[Data listing Boundary: Start]
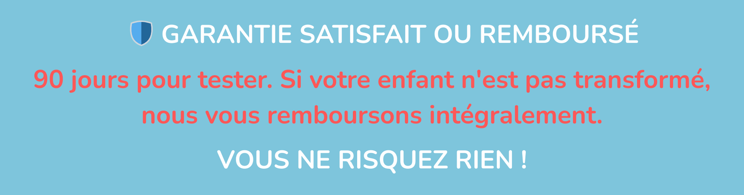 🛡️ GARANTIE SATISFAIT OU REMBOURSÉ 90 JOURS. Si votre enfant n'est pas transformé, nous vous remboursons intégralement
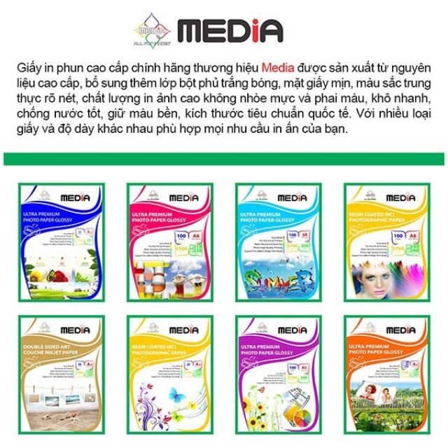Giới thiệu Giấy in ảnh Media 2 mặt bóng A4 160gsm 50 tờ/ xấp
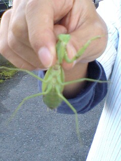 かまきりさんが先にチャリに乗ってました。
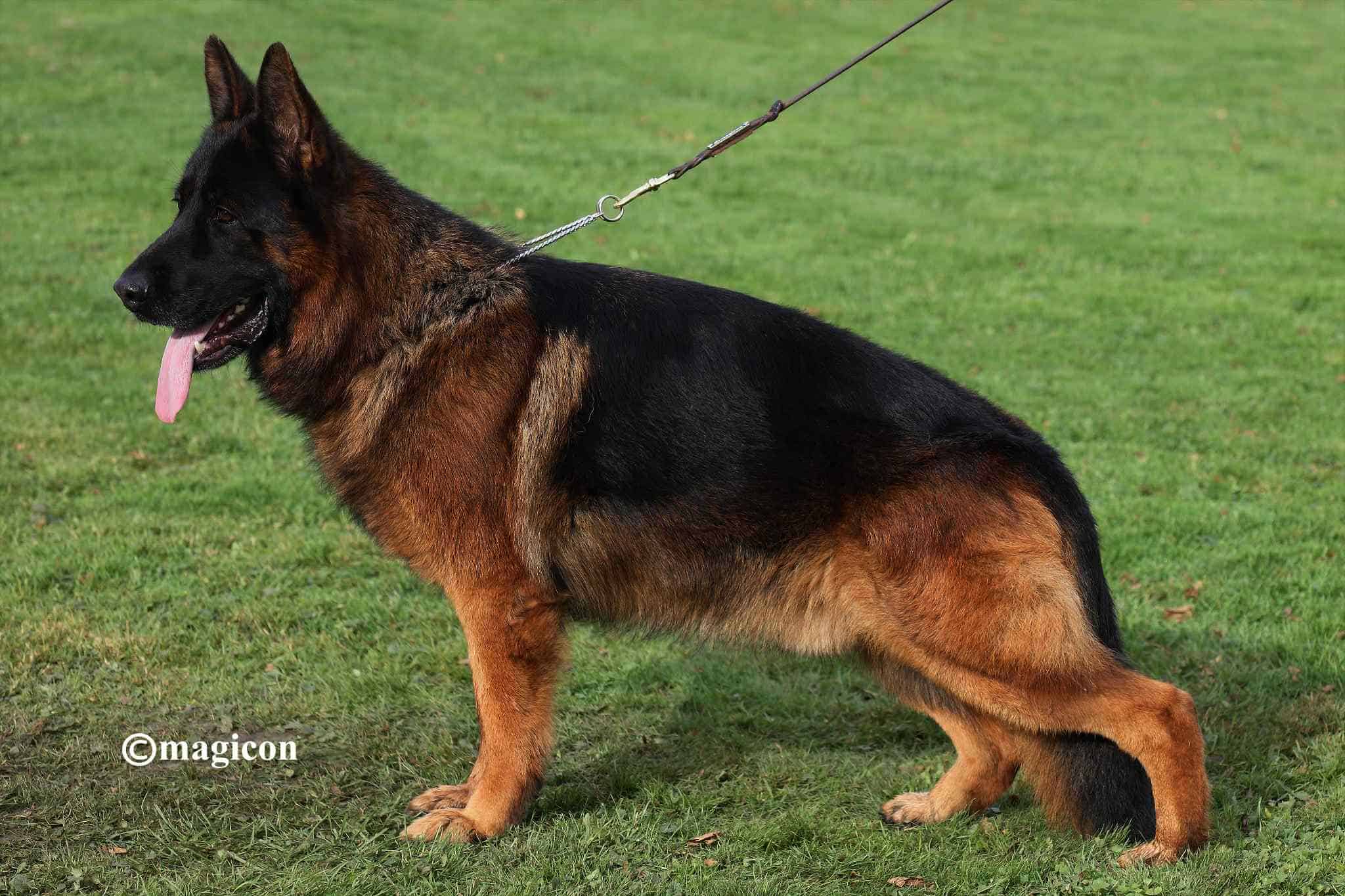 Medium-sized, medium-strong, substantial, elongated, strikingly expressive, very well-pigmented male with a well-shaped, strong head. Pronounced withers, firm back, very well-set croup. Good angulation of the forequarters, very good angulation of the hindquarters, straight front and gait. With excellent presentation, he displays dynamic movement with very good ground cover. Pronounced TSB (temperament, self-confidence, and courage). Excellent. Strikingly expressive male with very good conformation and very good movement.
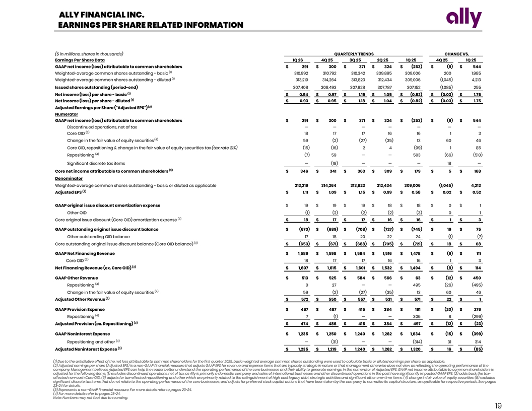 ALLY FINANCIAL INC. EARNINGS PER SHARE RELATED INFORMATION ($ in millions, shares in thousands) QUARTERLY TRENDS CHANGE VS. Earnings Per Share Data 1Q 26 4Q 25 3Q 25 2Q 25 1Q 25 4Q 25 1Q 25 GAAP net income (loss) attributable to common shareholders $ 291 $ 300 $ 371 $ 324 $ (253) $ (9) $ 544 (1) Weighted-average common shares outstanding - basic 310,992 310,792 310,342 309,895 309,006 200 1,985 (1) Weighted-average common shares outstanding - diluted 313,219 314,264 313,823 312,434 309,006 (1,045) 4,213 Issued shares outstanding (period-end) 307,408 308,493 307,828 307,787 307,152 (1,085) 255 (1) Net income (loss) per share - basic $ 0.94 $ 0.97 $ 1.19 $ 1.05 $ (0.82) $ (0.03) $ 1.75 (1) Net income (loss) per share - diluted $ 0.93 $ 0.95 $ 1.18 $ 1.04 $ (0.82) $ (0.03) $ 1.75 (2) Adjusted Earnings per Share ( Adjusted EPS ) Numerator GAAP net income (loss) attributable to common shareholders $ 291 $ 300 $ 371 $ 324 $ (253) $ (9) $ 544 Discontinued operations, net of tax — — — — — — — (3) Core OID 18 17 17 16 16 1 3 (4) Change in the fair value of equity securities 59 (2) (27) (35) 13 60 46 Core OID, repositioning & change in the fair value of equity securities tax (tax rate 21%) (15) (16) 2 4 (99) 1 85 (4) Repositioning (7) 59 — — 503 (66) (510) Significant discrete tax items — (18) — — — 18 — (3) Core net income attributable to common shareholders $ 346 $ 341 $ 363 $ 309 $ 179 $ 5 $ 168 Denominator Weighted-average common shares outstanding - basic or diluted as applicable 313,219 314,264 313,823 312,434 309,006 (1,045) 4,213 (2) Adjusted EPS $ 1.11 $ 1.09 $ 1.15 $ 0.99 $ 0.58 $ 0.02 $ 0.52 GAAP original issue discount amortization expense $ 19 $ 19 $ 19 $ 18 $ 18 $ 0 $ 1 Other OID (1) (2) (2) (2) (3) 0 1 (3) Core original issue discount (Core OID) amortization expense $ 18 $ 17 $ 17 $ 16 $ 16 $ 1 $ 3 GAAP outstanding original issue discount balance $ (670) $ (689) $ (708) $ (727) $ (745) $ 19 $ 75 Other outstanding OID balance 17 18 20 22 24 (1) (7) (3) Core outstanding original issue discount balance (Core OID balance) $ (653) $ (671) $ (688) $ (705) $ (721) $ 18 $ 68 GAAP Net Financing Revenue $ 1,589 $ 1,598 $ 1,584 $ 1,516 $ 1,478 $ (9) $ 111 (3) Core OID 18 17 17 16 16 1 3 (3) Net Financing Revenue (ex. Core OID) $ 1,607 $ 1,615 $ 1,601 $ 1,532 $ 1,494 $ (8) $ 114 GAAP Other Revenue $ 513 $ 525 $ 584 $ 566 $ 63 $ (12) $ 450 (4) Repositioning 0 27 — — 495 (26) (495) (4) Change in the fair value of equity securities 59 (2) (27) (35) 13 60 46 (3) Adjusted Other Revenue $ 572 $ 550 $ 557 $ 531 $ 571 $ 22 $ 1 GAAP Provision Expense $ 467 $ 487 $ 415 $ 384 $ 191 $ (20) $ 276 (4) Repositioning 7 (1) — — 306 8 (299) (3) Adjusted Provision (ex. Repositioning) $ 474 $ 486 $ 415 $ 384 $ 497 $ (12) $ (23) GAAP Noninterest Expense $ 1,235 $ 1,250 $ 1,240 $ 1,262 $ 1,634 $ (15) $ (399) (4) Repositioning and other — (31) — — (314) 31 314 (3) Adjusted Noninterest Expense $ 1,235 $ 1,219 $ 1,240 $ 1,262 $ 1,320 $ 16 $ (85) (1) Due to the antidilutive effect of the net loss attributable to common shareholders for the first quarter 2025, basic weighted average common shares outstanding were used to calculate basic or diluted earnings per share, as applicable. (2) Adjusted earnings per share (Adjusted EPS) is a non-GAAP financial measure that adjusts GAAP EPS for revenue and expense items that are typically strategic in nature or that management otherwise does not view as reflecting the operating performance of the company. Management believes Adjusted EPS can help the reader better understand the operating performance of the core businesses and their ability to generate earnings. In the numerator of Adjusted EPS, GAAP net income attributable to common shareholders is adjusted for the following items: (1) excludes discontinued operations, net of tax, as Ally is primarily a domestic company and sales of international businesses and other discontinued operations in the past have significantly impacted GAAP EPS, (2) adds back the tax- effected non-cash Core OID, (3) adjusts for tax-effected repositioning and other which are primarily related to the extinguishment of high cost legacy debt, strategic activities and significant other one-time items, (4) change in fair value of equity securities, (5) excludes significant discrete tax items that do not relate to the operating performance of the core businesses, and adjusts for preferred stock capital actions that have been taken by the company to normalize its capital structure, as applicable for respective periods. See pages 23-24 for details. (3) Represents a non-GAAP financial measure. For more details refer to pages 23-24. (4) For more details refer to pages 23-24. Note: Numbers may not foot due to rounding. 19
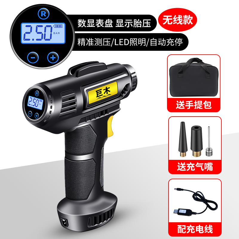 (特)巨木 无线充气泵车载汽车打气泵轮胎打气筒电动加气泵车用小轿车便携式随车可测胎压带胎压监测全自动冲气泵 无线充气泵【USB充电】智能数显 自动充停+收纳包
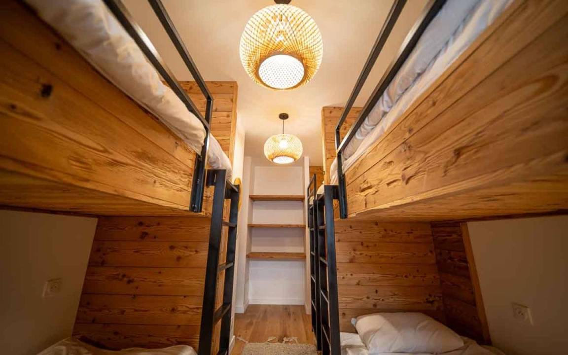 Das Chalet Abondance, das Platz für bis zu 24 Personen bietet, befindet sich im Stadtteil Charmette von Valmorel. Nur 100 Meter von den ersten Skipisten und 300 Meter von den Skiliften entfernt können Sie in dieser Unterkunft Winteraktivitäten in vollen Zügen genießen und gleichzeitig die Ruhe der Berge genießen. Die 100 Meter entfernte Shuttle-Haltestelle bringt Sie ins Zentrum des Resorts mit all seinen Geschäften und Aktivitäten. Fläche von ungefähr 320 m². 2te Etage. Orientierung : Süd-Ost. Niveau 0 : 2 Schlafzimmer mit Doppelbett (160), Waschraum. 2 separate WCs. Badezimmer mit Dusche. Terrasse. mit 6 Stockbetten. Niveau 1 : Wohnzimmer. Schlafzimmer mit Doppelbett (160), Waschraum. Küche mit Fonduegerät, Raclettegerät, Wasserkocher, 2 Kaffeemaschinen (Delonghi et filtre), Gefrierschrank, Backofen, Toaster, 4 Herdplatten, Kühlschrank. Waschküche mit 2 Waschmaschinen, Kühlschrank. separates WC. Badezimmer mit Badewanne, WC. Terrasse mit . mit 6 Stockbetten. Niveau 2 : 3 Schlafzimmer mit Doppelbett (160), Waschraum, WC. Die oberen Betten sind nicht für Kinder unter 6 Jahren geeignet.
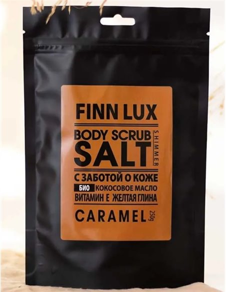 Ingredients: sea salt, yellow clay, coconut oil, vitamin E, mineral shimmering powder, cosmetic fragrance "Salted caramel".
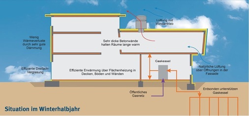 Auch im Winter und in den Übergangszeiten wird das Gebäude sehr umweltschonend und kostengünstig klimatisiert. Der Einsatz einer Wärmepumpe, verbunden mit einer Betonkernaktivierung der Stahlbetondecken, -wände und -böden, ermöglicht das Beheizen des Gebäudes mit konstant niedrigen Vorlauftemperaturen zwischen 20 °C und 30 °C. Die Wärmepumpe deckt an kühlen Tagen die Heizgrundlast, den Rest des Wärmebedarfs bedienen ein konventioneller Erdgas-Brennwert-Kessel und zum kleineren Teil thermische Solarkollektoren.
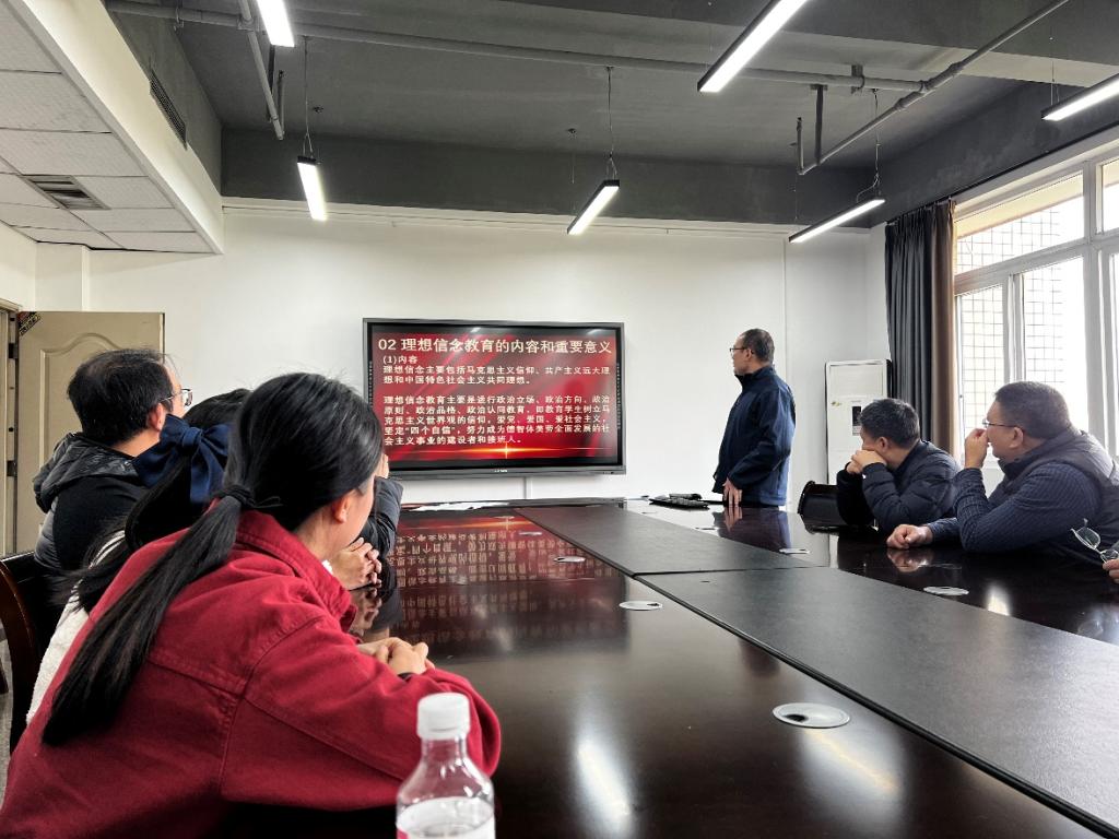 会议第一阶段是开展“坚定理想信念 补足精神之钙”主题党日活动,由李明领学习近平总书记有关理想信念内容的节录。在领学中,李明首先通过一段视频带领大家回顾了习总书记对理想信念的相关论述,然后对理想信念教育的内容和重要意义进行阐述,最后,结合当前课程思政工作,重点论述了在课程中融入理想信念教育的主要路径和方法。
[Data listing Boundary: End]
- What you will do: Transcribe exactly the lines from the one containing "Auch im Winter" through the last line of the records above, and nothing else. Leave out the pictures.

- The answer:
 Auch im Winter und in den Übergangszeiten wird das Gebäude sehr umweltschonend und kostengünstig klimatisiert. Der Einsatz einer Wärmepumpe, verbunden mit einer Betonkernaktivierung der Stahlbetondecken, -wände und -böden, ermöglicht das Beheizen des Gebäudes mit konstant niedrigen Vorlauftemperaturen zwischen 20 °C und 30 °C. Die Wärmepumpe deckt an kühlen Tagen die Heizgrundlast, den Rest des Wärmebedarfs bedienen ein konventioneller Erdgas-Brennwert-Kessel und zum kleineren Teil thermische Solarkollektoren.
 会议第一阶段是开展“坚定理想信念 补足精神之钙”主题党日活动,由李明领学习近平总书记有关理想信念内容的节录。在领学中,李明首先通过一段视频带领大家回顾了习总书记对理想信念的相关论述,然后对理想信念教育的内容和重要意义进行阐述,最后,结合当前课程思政工作,重点论述了在课程中融入理想信念教育的主要路径和方法。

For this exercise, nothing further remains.